Change your thoughts.  Smokers often confuse the relief of withdraw with the feeling of relaxation.  You might tell yourself “smoking gets rid of all my stress,” but the reality is there will always be stress in one’s life.  Your quitting plan must include other ways to cope with stress. You might tell yourself “I cannot relax without a cigarette,” but the reality is there are plenty of other ways to relax without a cigarette. In the end, tobacco is the problem, not the solution.

Change your environment.  Tobacco-free environments (e.g., home and workplace) can increase your chances of success.  Remove cues for tobacco use, modify behaviors associated with tobacco use and actively avoid specific situations in which tobacco use is likely to occur. Oral, non-medicated substitutes for tobacco use include drinking water, chewing sugar-free gum or sucking on sugar-free candies. Taking walks helps change your environment and also increases circulation and oxygenation in your body while burning calories. Minimize stress where possible, obtain social support and take frequent breaks.

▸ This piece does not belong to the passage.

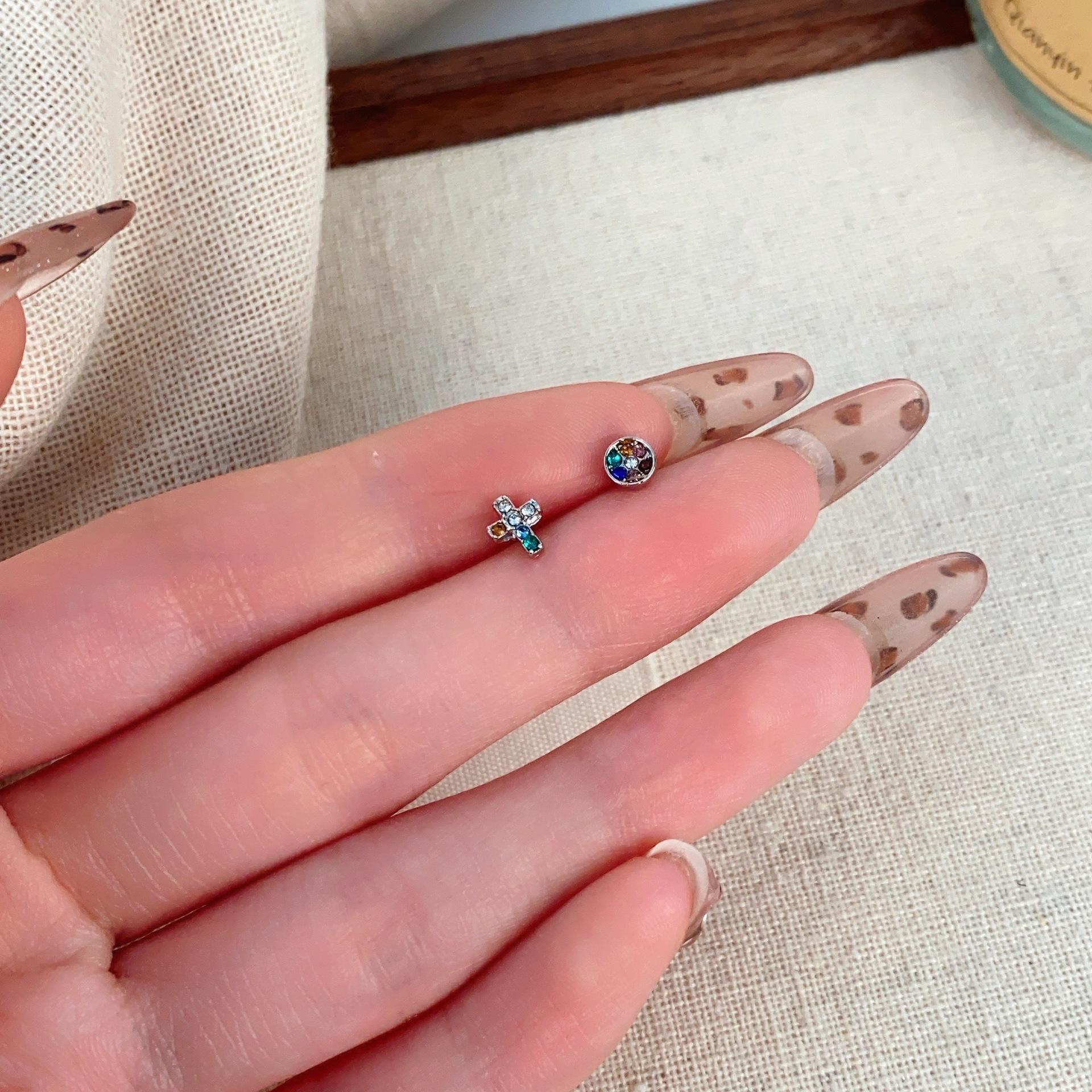 Pendientes redondos de color minimalista con diseño de nicho cruzado y hebilla de tornillo, accesorios distintivos de hip hop.

In summary, create a quitting plan that includes changes to your behaviors, thoughts and environment.  Success is more likely when support is in place.

Support is available

Support to quit smoking can include but is not limited to:

  1. The “Great American Smokeout” is a national event hosted by the American Cancer Society on the third Thursday of November (Nov. 15, 2018), when smokers are encouraged to either quit smoking or choose a quit date in the not-too-distant future. Again this year the “X-Pack” smoking cessation tool kits are available and can be picked up at the Center for Healthy Living, PUSH, Purdue University Pharmacy and the CoRec on Purdue’s West Lafayette campus beginning Nov. 15.
  2. Health coaches at the Center for Healthy Living on Purdue’s West Lafayette campus or another health-care professional. One-on-one and group classes are held at the Center for Healthy Living as well. Call the center at 765-494-0111.
  3. Telephonic support is available for employees not frequently on the West Lafayette campus, including employees at our regional campuses. Employees can contact the health coaches at the Center for Healthy Living on Purdue’s West Lafayette campus or another healthcare professional of their choice.
  4. 1-800-QUIT NOW The Indiana Tobacco Quitline is available seven days a week. This program is provided by the state Department of Health, and it is available to all residents of Indiana.
  5. Local group programs offered by the American Cancer Society, the American Lung Association or community hospitals.
  6. Free behavioral support programming offered by all smoking cessation medications

 

Sources:

  1. U.S. Department of Health and Human Services. (1988). The Health Consequences of Smoking: Nicotine Addiction. A Report of the Surgeon General.
  2. “Nicotine Pharmacology & Principles of Addiction.” Rxforchange, <rxforchange.ucsf.edu/curricula/teaching_materials.php>.
  3. Purdue University Human Resources Benefits Website: https://www.purdue.edu/hr/Benefits/currentEmployees/Medical/tobaccoCessation.html

Blog written in partnership with Health Coach at One to One Health.